He's not really the party type - though he does like the odd glass of champagne - so Gordon Brown is unlikely to have celebrated this week's milestone with whistles, streamers and a DJ playing 70s disco. Still, he's bound to be chuffed to have broken David Lloyd-George's record, becoming the longest-serving chancellor since the 19th century.
More than seven years in the job, and his reputation has taken a few knocks: he's a control freak too fond of bafflingly complex tax credits and private finance initiatives; a cabinet bruiser, skilled at antagonising colleagues and too stingy in Labour's first two years. But compared to the comprehensive trashing suffered by his Labour predecessors at No 11, Brown is a wonder. How many politicians stay in any job for seven years and still garner glowing reviews?
Help has come from the division of labour between him and his next-door neighbour. He has been given all but a free hand to determine domestic policy, while Tony Blair has toured the world; he has been Attlee to Blair's Churchill. That arrangement has had a distinct advantage: when foreign adventures have turned sour, Brown has been conveniently distant from the mess.
Some suspect a deliberate strategy, the chancellor ensuring his fingerprints are nowhere near the episodes that have given the government greatest grief, with Iraq the exemplar. They note how rarely Brown stirred himself to make the public case for war, calculatedly fostering the impression that he was a doubter. The Brownite defence would be that the chancellor speaks out more often than is appreciated, but that he understands that foreign policy is ultimately the preserve of the prime minister; any intrusion onto this terrain might look like presumption or, worse, a challenge.
But this studied silence leaves a big and important question, one that gains weight the likelier it becomes that the chancellor will eventually succeed Blair. Put simply, what does Gordon Brown believe about the world? What would Britain's foreign policy be like under Prime Minister Brown?
If the direct public statements are few, that is no impediment. For Brown has built up a substantial record in world affairs, albeit as a finance minister. His greatest international triumph remains his campaign to persuade rich countries to honour their prior commitments and forgive the $70bn in debt owed them by the poorest nations of the earth. But there have been less grand interventions. Brown has met, for example, his Israeli and Palestinian counterparts as well as the president of the World Bank, to shape an economic dimension to the Middle East roadmap. That idea is "in the fridge" right now, admit those involved - waiting on the political stalemate.
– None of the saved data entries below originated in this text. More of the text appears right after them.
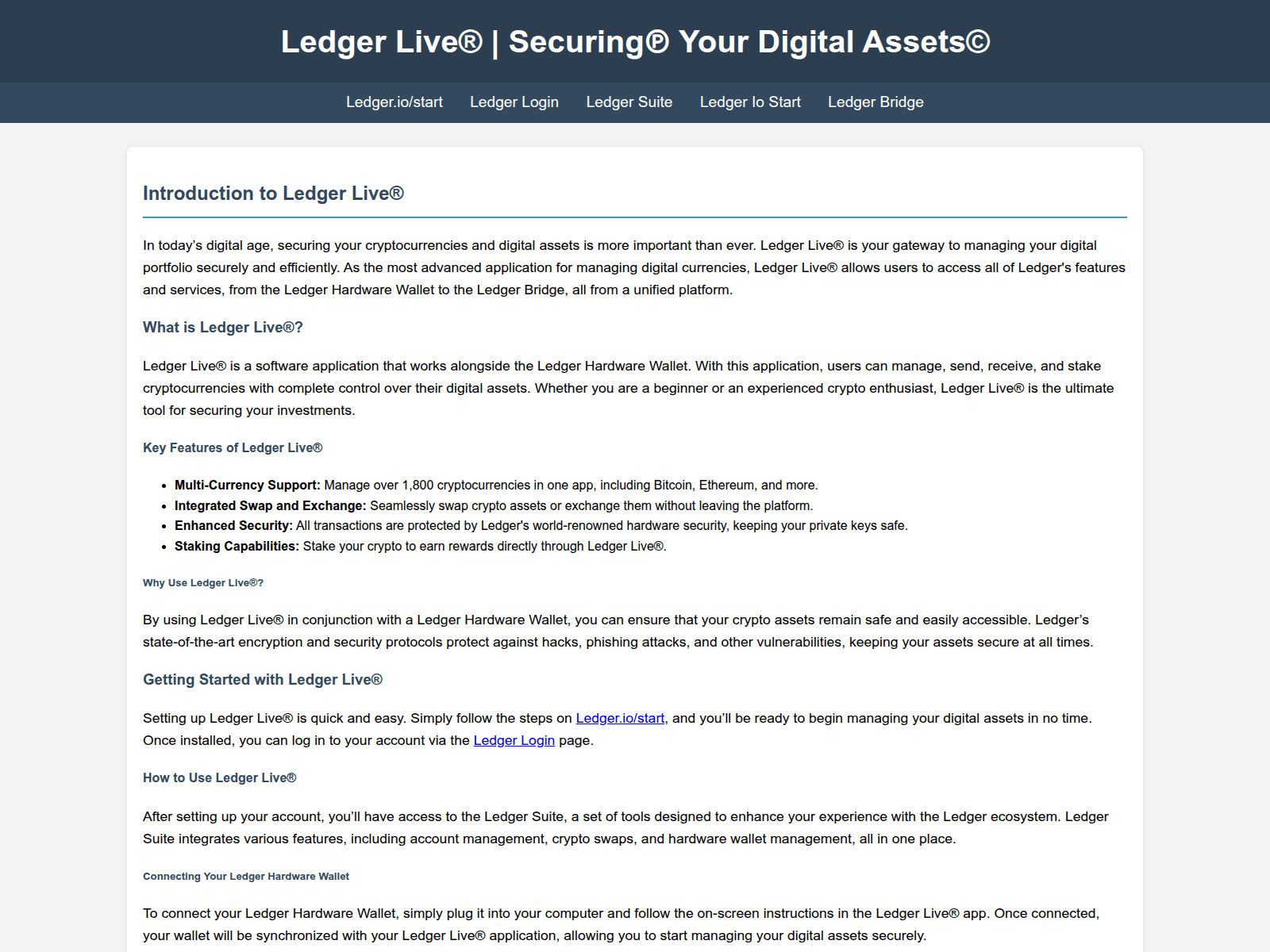 The site displays a page titled “Ledger Live® | Securing℗ Your Digital Assets©”.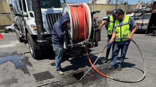 Las brigadas limpian rejillas en la zona del mercado “Emilio Sánchez Piedras” y con el apoyo del camión Vactor se desazolvan alcantarillas en la Av. Juárez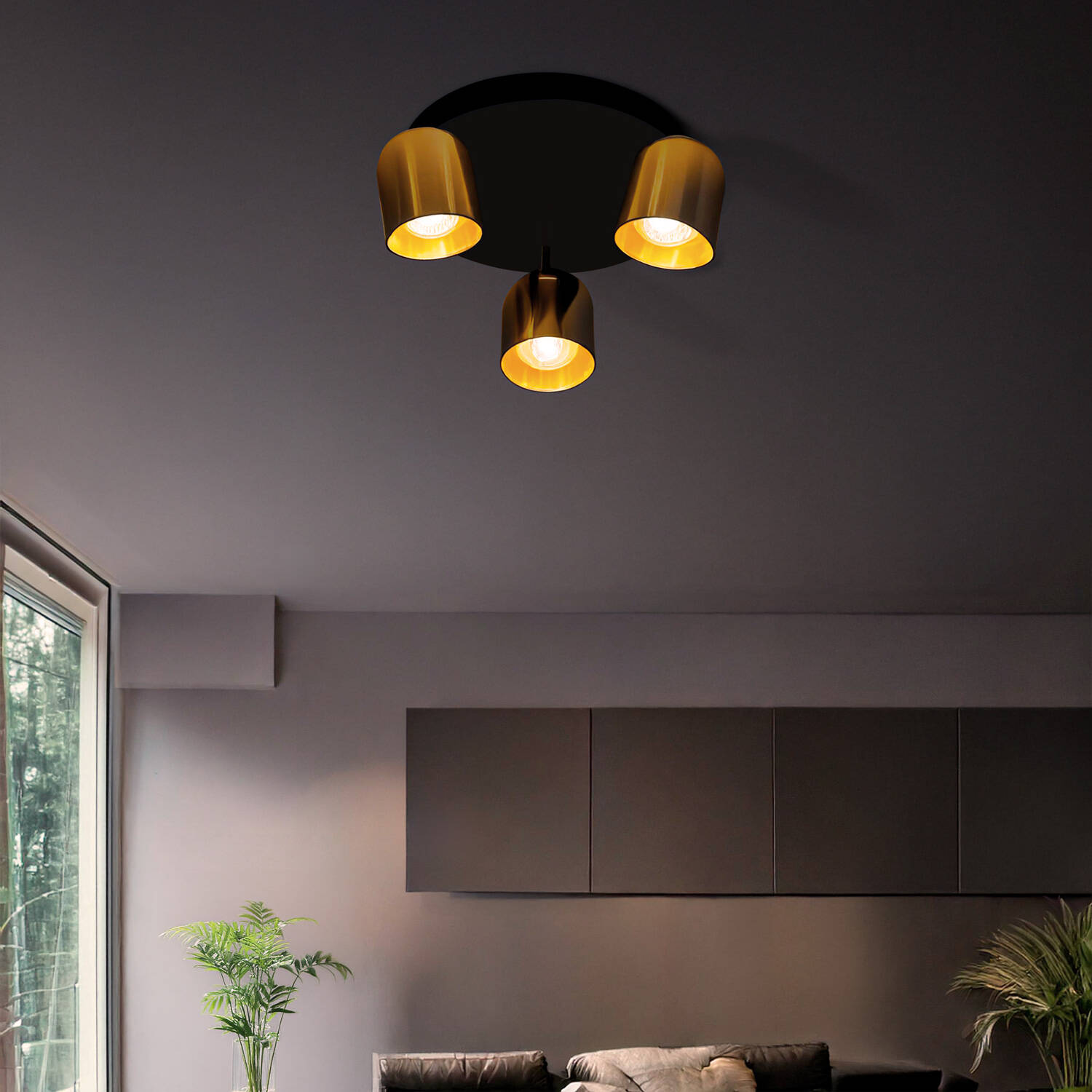 La lámpara de techo circular orientable Caleb combina estilo y funcionalidad con un diseño moderno en aluminio dorado. Cuenta con tres focos orientables que permiten dirigir la luz hacia donde más se necesite, aportando versatilidad a cualquier estancia interior. Su instalación en superficie facilita su montaje en techos, adaptándose a diferentes ambientes. Funciona con bombillas GU10 (no incluidas) y soporta una potencia máxima de 10 W. Certificada con CE y RoHS, garantiza calidad y seguridad. Ideal para espacios que requieren una iluminación focalizada y elegante, su acabado en dorado aporta un toque sofisticado y contemporáneo. Además, soporta temperaturas de trabajo entre -20 °C y 50 °C, asegurando durabilidad y rendimiento.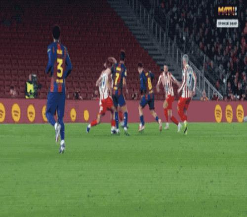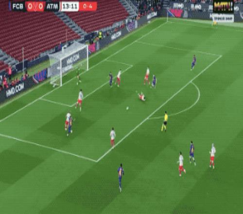 比賽一開場,巴薩就把節(jié)奏拉到極限。第14分鐘,拉菲尼亞搶斷后的低射偏出,吹響進(jìn)攻號角;隨后費(fèi)蘭·托雷斯的彈射、亞馬爾外圍勁射被穆索飛身撲出,藍(lán)紅軍團(tuán)的攻勢一浪高過一浪,不斷沖擊著床單軍團(tuán)的后防,短短20幾分鐘,巴薩轟門高達(dá)7次之多;西蒙尼直接扔出大巴車,堅(jiān)決打反擊。

In my view, the extension of this logic is that a Brown government would have handled Iraq differently. Knowing that Washington dreaded the prospect of fighting alone, Britain could have demanded more time to build an international consensus. Maybe the inspectors would have had three more months, if only to call Chirac's bluff. If Bush had said no, Britain could have said, "Very well, but you're on your own." Bush would have relented.
For the Brown vision seems to be one of muscular multilateralism, the great powers still being unafraid to act to solve the world's problems - but much more determined to act together. In the case of Iraq that would certainly have brought a delay, but there is no guarantee it would have prevented a badly misguided war.